:: Stored entries ::
____________
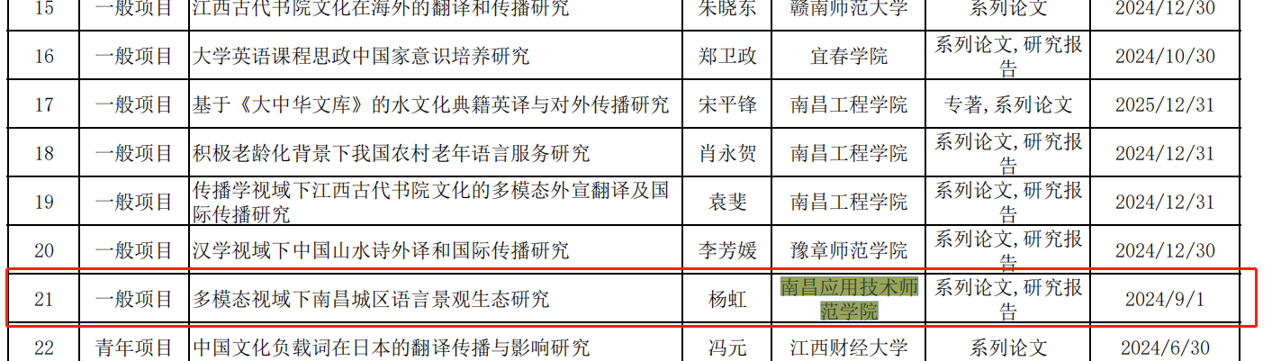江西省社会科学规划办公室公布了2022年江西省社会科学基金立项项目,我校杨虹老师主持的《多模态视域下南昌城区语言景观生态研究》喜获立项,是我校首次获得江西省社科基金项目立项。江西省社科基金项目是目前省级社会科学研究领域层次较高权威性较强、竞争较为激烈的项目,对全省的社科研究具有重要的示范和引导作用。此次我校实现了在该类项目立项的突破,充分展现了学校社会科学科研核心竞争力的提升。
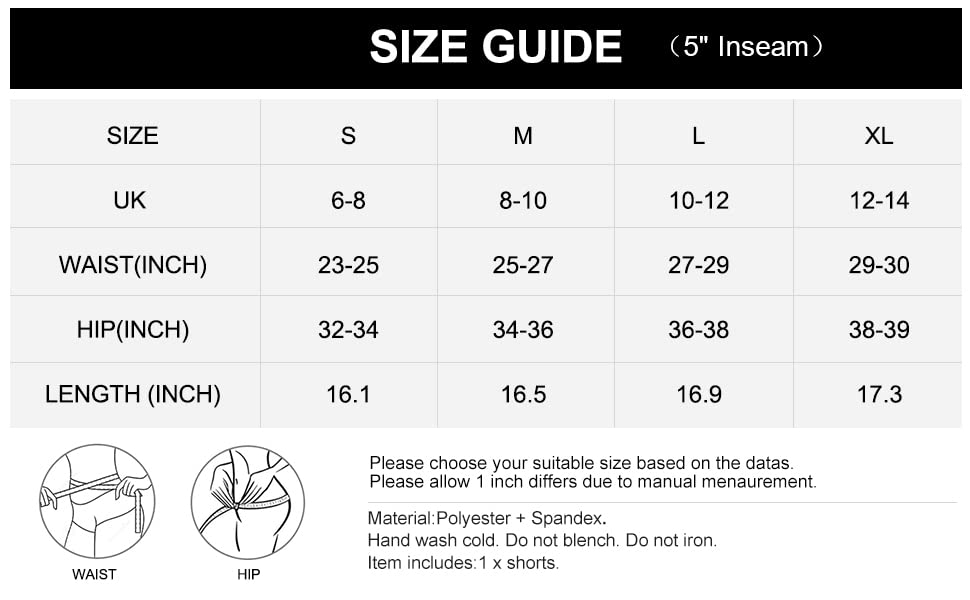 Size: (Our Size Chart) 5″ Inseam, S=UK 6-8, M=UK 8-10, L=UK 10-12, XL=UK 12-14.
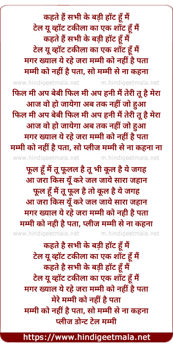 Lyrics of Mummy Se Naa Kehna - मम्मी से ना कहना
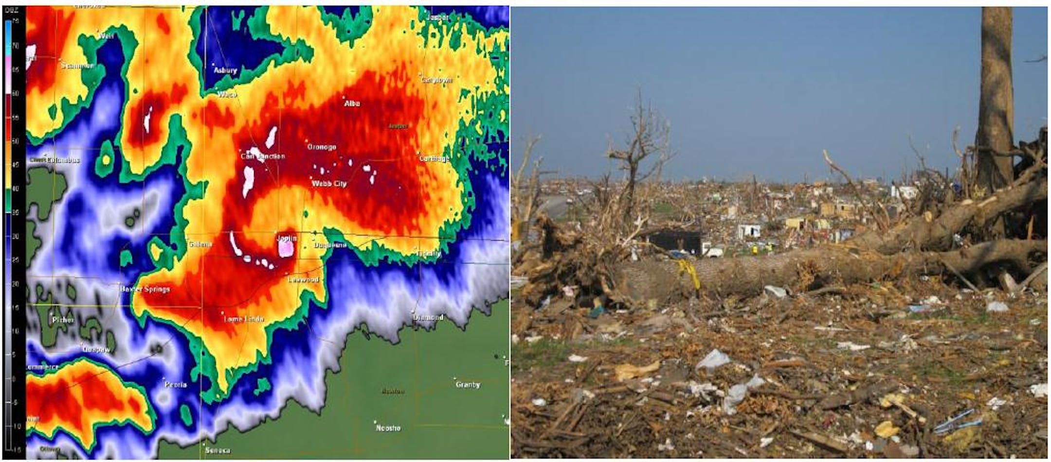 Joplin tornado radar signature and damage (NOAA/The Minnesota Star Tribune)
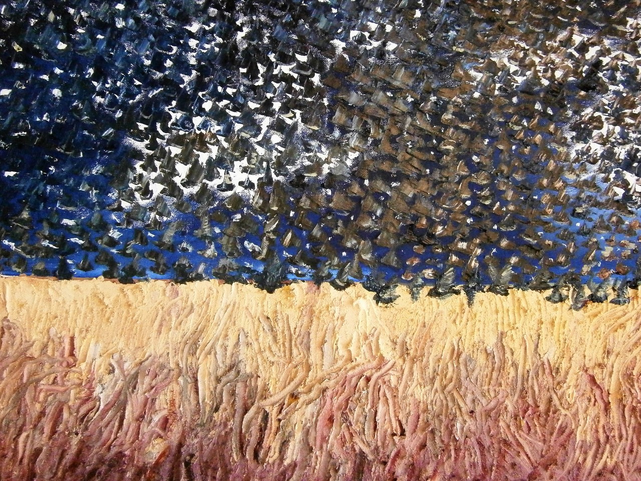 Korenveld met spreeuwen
____________
Every entry, word for word, should be given again; the pictures are not part of the copy.

江西省社会科学规划办公室公布了2022年江西省社会科学基金立项项目,我校杨虹老师主持的《多模态视域下南昌城区语言景观生态研究》喜获立项,是我校首次获得江西省社科基金项目立项。江西省社科基金项目是目前省级社会科学研究领域层次较高权威性较强、竞争较为激烈的项目,对全省的社科研究具有重要的示范和引导作用。此次我校实现了在该类项目立项的突破,充分展现了学校社会科学科研核心竞争力的提升。
 Size: (Our Size Chart) 5″ Inseam, S=UK 6-8, M=UK 8-10, L=UK 10-12, XL=UK 12-14.
 Lyrics of Mummy Se Naa Kehna - मम्मी से ना कहना
 Joplin tornado radar signature and damage (NOAA/The Minnesota Star Tribune)
 Korenveld met spreeuwen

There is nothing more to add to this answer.